*Data provided*:
- - -

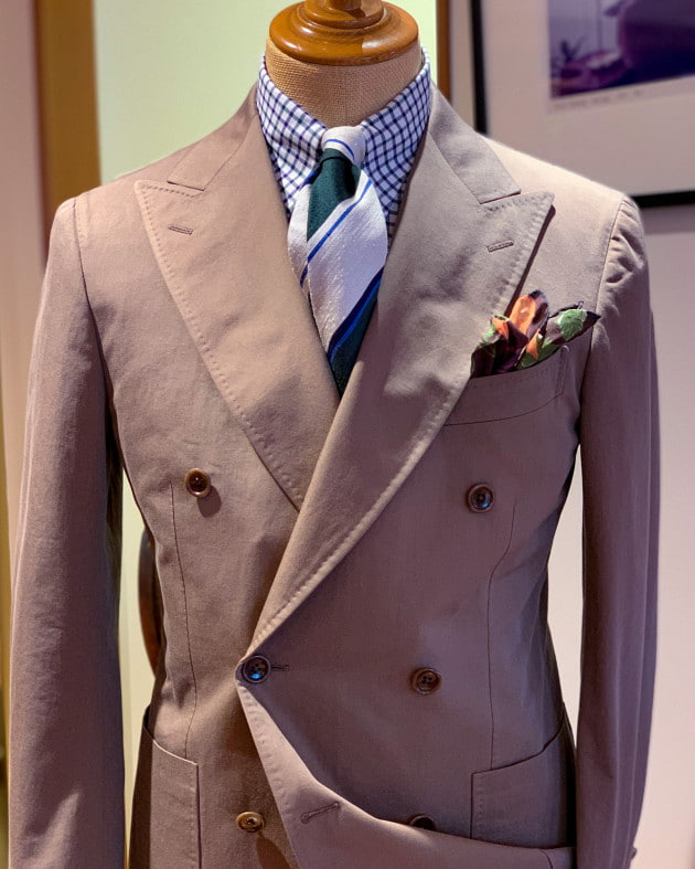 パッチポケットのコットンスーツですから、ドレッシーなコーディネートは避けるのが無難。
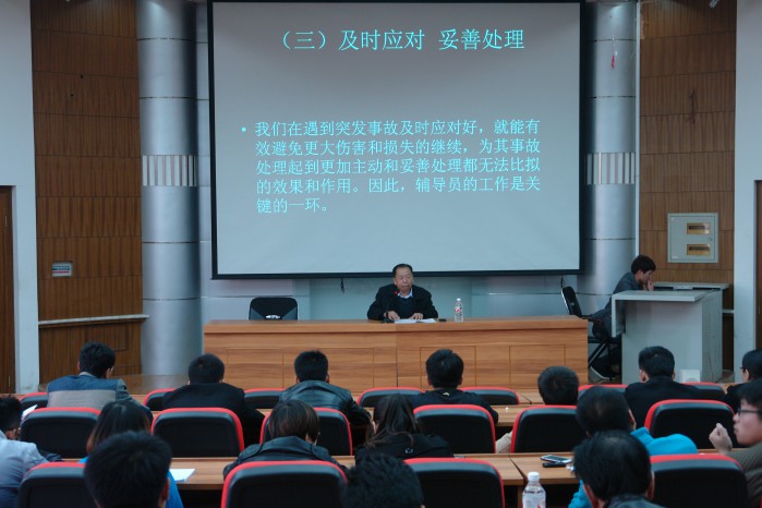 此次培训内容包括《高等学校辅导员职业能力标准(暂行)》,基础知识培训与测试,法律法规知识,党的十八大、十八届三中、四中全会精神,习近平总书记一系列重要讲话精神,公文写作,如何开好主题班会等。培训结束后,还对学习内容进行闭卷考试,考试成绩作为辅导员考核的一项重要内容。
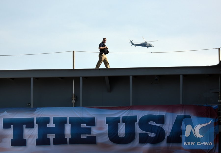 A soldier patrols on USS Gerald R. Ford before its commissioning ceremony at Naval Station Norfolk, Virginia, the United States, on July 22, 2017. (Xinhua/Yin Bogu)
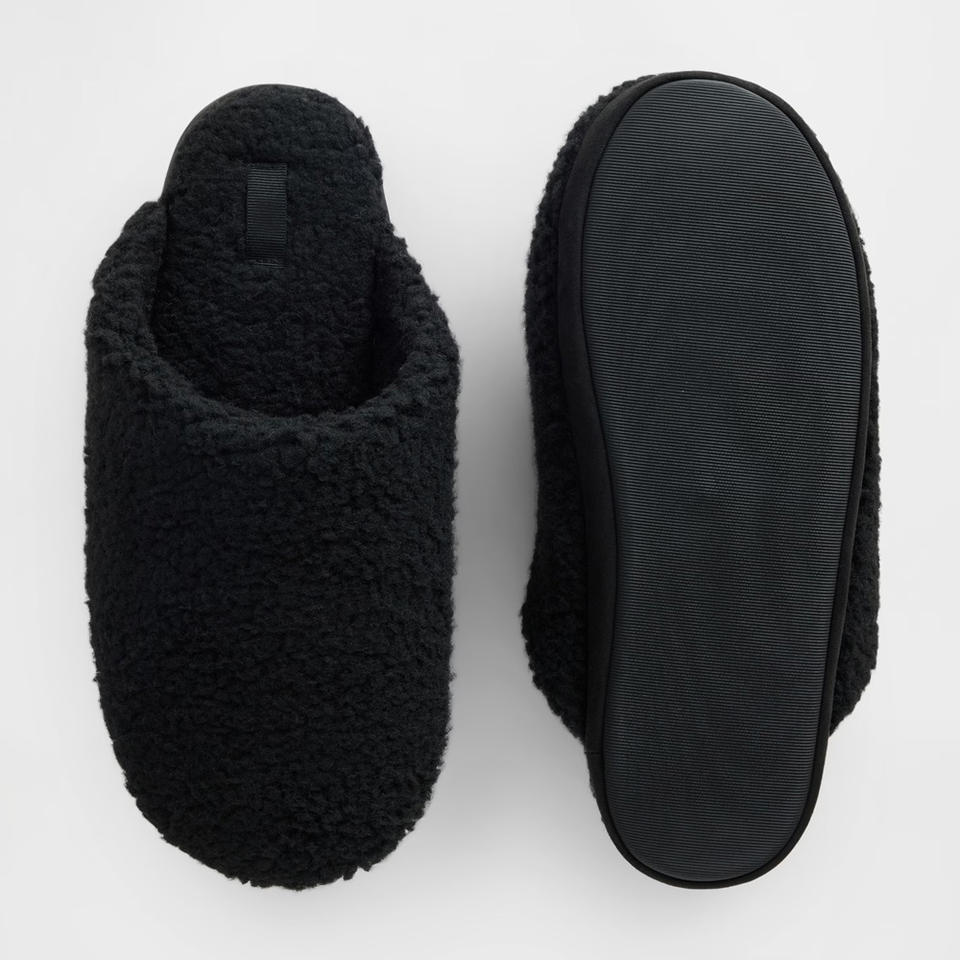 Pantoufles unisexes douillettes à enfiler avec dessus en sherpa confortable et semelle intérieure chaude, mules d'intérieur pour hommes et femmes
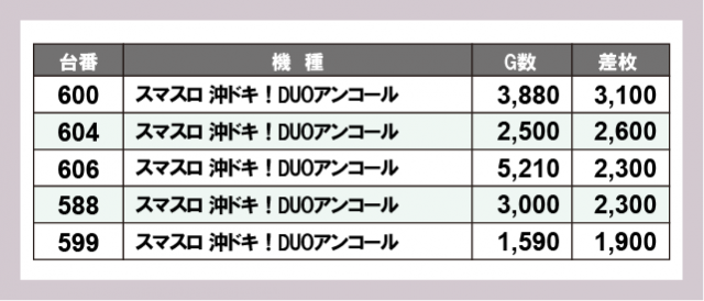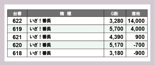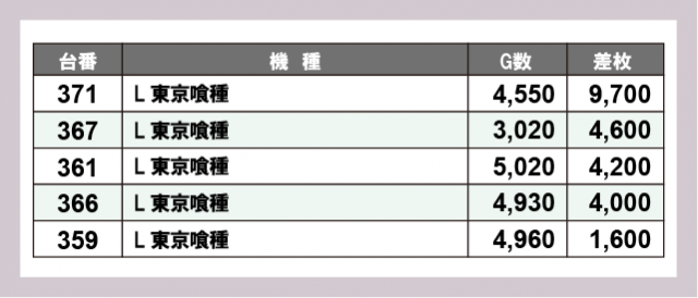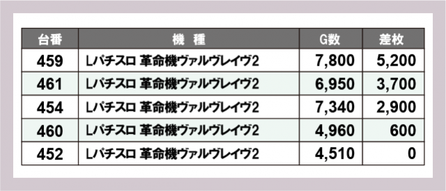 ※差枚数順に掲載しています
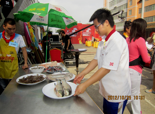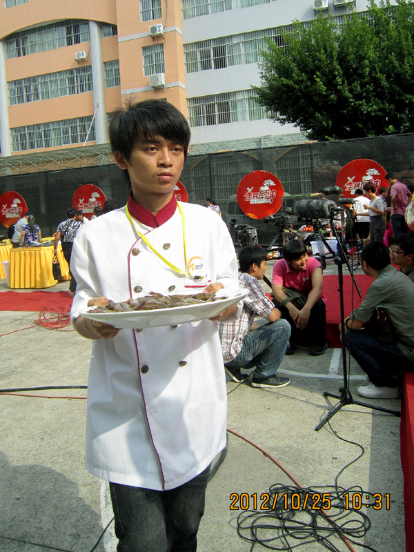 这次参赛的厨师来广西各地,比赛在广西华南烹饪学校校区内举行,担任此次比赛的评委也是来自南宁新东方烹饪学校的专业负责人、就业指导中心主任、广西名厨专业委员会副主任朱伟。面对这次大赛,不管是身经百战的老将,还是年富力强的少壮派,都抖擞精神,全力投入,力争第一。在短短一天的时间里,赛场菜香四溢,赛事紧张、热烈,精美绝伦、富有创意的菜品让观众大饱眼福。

- - -

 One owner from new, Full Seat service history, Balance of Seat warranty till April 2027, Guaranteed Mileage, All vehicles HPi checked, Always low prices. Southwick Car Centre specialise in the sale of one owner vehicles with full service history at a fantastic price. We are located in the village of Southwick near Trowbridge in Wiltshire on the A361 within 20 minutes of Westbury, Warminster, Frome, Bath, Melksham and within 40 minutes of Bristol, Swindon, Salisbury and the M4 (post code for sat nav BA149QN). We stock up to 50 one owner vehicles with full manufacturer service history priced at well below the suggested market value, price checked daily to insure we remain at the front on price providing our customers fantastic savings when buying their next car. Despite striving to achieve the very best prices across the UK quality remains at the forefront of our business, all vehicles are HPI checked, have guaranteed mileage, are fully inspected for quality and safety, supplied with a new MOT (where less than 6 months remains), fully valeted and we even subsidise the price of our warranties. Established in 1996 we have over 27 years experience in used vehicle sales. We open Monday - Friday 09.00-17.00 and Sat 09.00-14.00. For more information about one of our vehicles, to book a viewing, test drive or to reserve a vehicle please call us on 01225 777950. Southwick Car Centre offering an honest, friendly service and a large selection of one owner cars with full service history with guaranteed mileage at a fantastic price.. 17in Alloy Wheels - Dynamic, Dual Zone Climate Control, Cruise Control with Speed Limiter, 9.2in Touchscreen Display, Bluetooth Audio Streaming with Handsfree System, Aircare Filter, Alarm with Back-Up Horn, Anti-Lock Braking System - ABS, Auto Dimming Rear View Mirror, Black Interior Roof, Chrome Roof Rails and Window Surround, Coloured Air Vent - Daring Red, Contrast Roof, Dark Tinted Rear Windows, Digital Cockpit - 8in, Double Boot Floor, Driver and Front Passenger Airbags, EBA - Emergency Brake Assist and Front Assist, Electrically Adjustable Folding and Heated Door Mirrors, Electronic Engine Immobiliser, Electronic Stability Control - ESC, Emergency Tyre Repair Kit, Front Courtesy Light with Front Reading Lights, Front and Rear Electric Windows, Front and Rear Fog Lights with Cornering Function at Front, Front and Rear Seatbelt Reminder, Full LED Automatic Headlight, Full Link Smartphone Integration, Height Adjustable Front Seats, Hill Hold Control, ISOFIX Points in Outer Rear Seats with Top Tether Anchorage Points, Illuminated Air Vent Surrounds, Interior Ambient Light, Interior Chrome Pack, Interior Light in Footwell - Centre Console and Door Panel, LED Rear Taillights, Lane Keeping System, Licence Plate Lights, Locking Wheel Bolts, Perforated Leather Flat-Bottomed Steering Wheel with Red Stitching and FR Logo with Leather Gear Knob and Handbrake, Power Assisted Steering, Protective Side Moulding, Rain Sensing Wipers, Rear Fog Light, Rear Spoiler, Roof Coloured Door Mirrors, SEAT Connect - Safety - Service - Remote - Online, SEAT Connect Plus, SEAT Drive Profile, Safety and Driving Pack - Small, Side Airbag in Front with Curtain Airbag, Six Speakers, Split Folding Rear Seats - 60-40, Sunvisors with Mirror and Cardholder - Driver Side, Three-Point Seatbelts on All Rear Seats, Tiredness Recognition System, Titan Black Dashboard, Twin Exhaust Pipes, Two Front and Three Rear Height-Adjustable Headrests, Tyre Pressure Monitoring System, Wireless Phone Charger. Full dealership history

- - -

*Exercise goal*: Taking the entries above, extract every line from the one bearing "パッチポケットのコットンスー" through the one bearing "这次参赛的厨师来广西各地,比", exactly, with no pictures.

*Output below*:
 パッチポケットのコットンスーツですから、ドレッシーなコーディネートは避けるのが無難。
 此次培训内容包括《高等学校辅导员职业能力标准(暂行)》,基础知识培训与测试,法律法规知识,党的十八大、十八届三中、四中全会精神,习近平总书记一系列重要讲话精神,公文写作,如何开好主题班会等。培训结束后,还对学习内容进行闭卷考试,考试成绩作为辅导员考核的一项重要内容。
 A soldier patrols on USS Gerald R. Ford before its commissioning ceremony at Naval Station Norfolk, Virginia, the United States, on July 22, 2017. (Xinhua/Yin Bogu)
 Pantoufles unisexes douillettes à enfiler avec dessus en sherpa confortable et semelle intérieure chaude, mules d'intérieur pour hommes et femmes
 ※差枚数順に掲載しています
 这次参赛的厨师来广西各地,比赛在广西华南烹饪学校校区内举行,担任此次比赛的评委也是来自南宁新东方烹饪学校的专业负责人、就业指导中心主任、广西名厨专业委员会副主任朱伟。面对这次大赛,不管是身经百战的老将,还是年富力强的少壮派,都抖擞精神,全力投入,力争第一。在短短一天的时间里,赛场菜香四溢,赛事紧张、热烈,精美绝伦、富有创意的菜品让观众大饱眼福。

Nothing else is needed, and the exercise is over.